Brazil's state-controlled oil company, Petroleo Brasileiro, is short of cash to develop deepwater fields hundreds of miles from shore, McMahon said. Petrobras, as the Rio de Janeiro-based company is known, failed to replace 73 % of the oil and gas it pumped from the ground last year, according to a Jan. 16 public filing with US securities regulators.

Deep pockets
The Brazilian company said earlier that it plans $ 174.4 bn in capital spending over the next five years, financed partly with state loans.
"With Petrobras seemingly struggling for financing, while deep-pocketed ExxonMobil wants a much bigger position in Brazil, this could be the ideal time for the two companies to form a joint venture," McMahon said.
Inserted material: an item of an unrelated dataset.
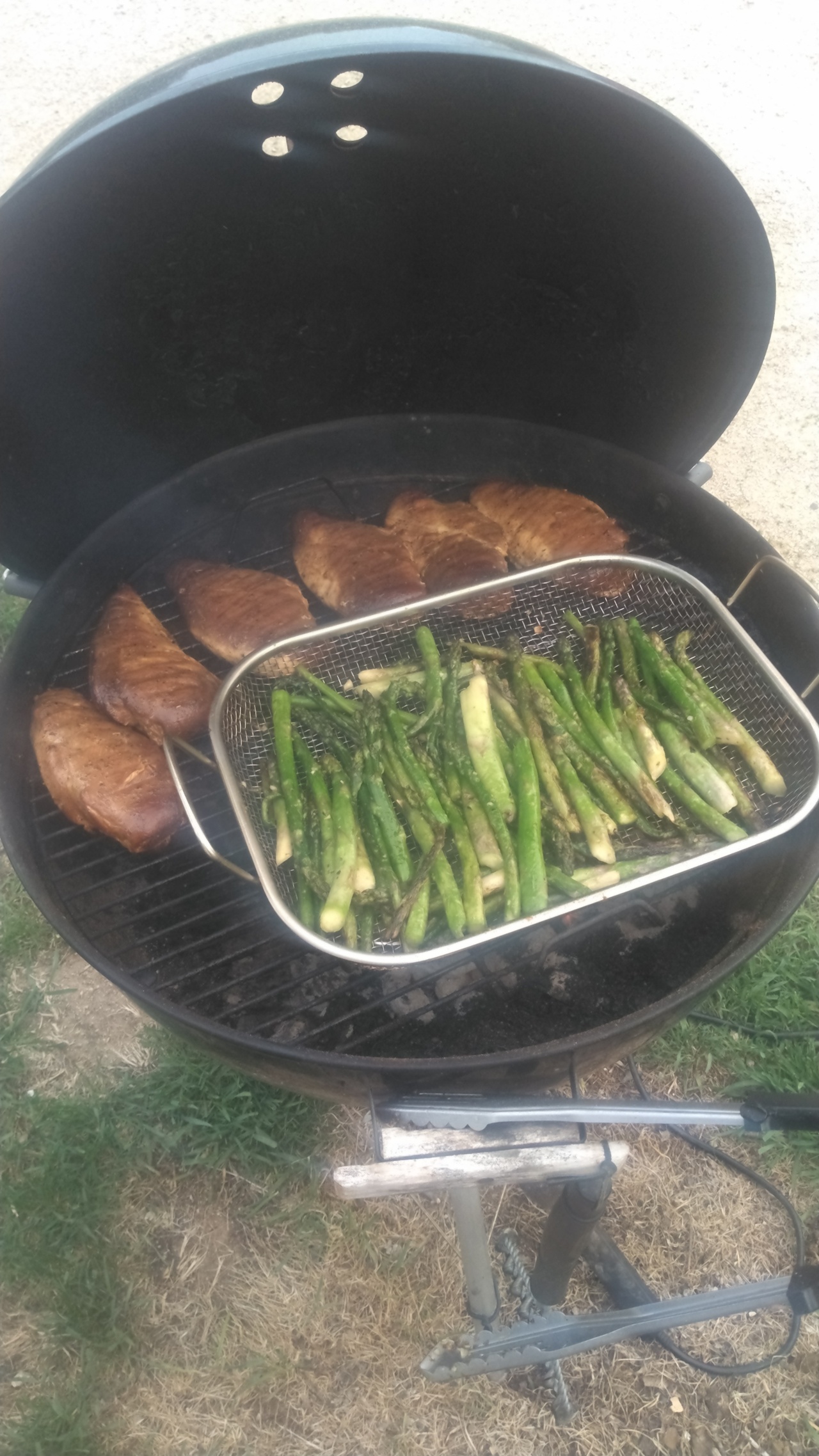 Cherry smoked chicken breasts and fresh grilled asparagus.

Tillerson said he's unlikely to lead acquisitions of entire companies because prices remain inflated. Partnerships with oil-rich nations work better because they allow ExxonMobil to obtain reserves in exchange for financing and technical expertise, he said.
"Our financial strength is important in massive project developments," Tillerson said. Government-owned oil companies in countries such as Nigeria have an easier time borrowing money for rigs and pipelines if they form a partnership with ExxonMobil, giving lenders confidence the projects will be completed, Tillerson said.

Return to normalcy
"The state-owned oil companies are going to have to look to Exxon out of fiscal necessity," said Brookshire Advisory's Bern. "National oil companies may be sitting on large reserves, and that's fine, but they need someone to help them get that out of the ground. Exxon is going to be king of the hill."
ExxonMobil isn't discouraged by the plunge in crude prices because the company keeps costs low enough to profit when oil slumps, Tillerson said. New York futures traded as low as $ 32.70 a barrel earlier, down 78 % from July's all-time high.
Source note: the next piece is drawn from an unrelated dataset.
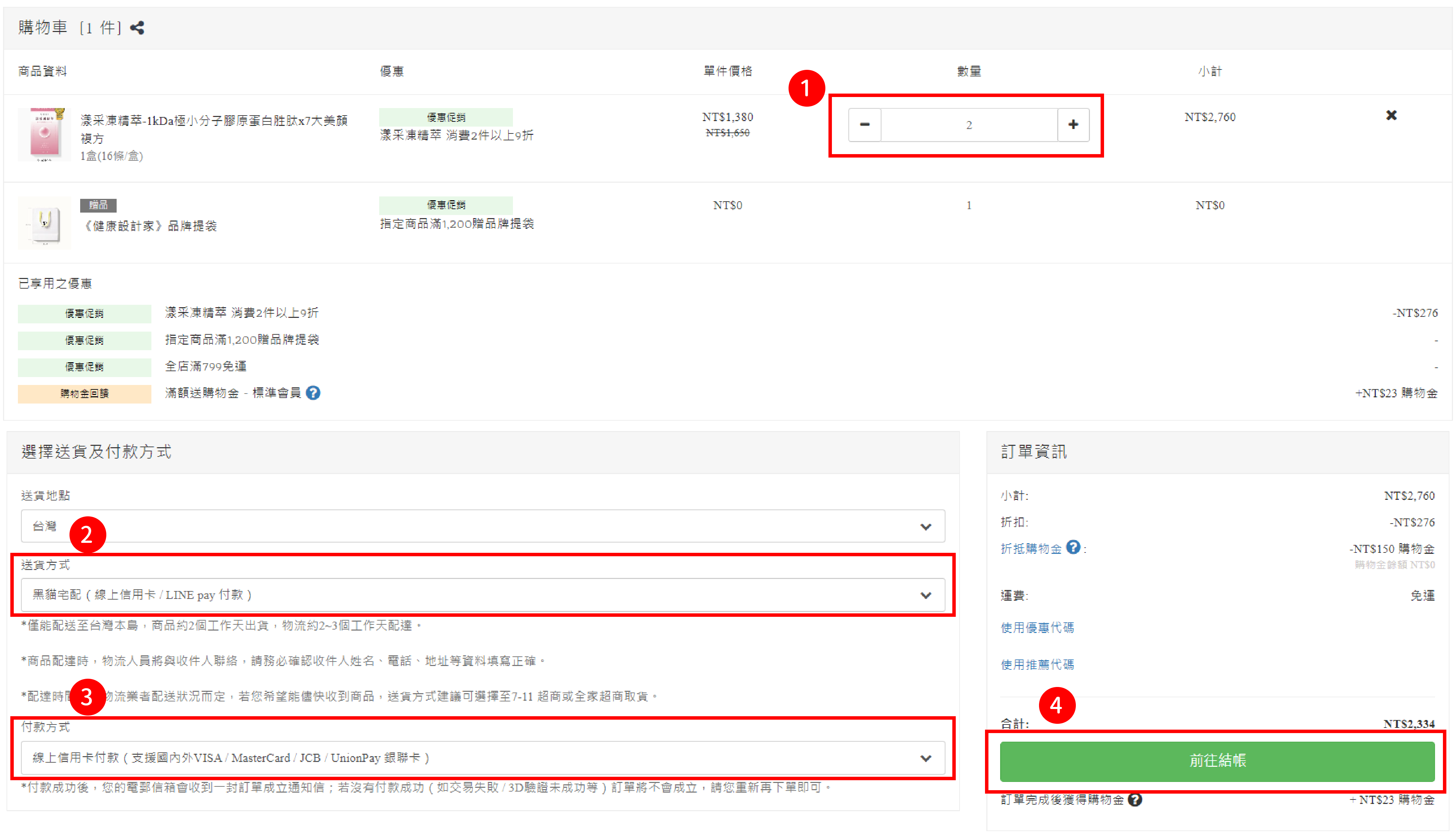 3. 前往「訂單結帳」頁面

"All this talk when prices were high that we were in a different age and the world would never be the same was nonsense," Tillerson said. "Commodities are still commodities. These things tend to run on kind of 10-year cycles."
"When there is a return to normalcy we should see a rebound in demand for energy," said Quantum's Saleri, a University of Virginia-trained chemical engineer who managed Chevron's oil fields for 18 years before joining Saudi Aramco in 1992. "This is a very appealing period for decision making."